● **Your task**:
Copy out exactly the lines from the one with "тристаен апартамент с" through the last line of the listing below, both included, but none of the pictures.

● **Given information**:
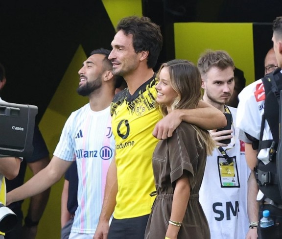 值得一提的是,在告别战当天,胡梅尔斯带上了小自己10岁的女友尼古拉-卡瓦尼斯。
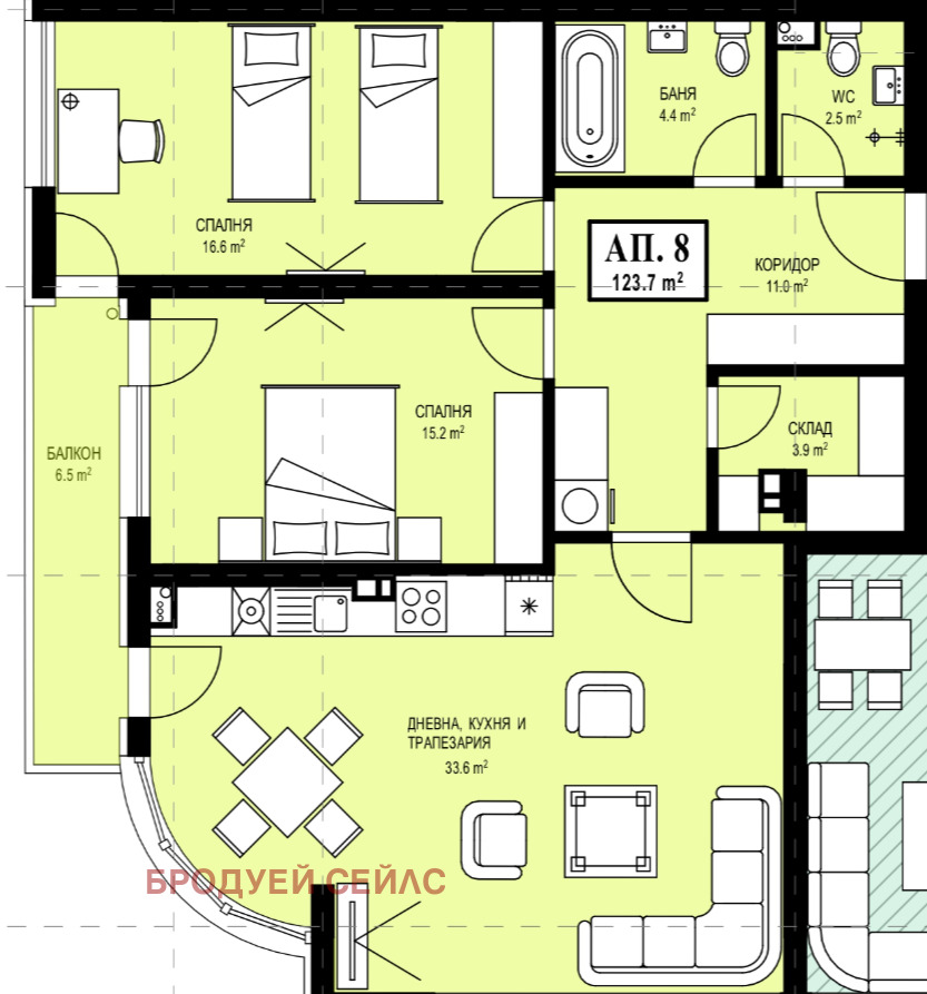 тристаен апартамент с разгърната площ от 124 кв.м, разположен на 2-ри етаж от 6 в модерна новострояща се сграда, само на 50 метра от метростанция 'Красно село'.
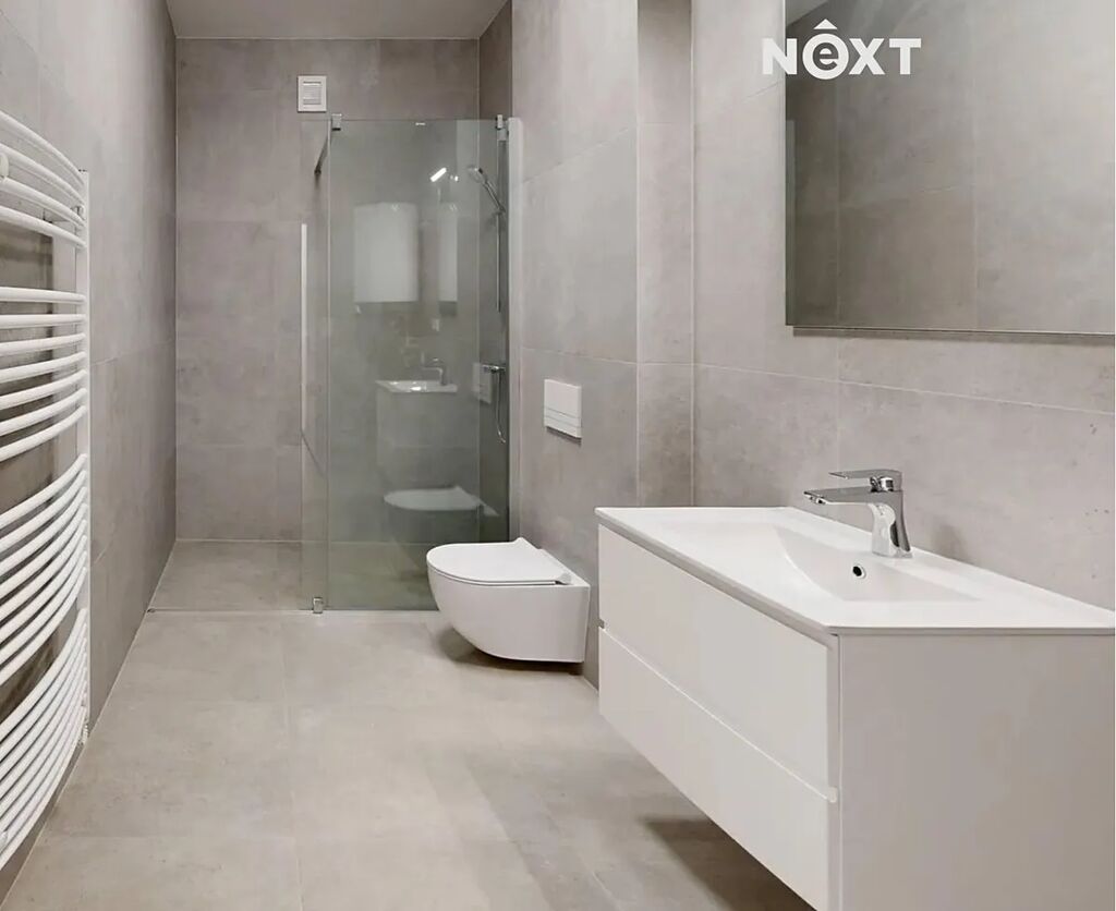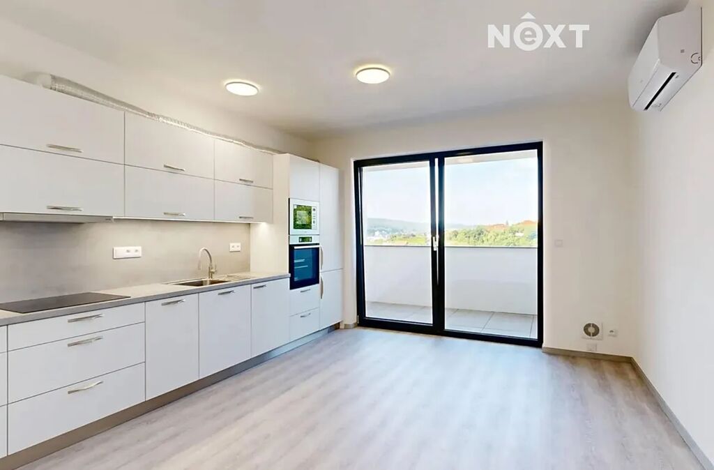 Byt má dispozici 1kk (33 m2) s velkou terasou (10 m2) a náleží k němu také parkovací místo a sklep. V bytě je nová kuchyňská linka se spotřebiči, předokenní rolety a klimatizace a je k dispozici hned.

● **Output for this exercise**:
 тристаен апартамент с разгърната площ от 124 кв.м, разположен на 2-ри етаж от 6 в модерна новострояща се сграда, само на 50 метра от метростанция 'Красно село'.
 Byt má dispozici 1kk (33 m2) s velkou terasou (10 m2) a náleží k němu také parkovací místo a sklep. V bytě je nová kuchyňská linka se spotřebiči, předokenní rolety a klimatizace a je k dispozici hned.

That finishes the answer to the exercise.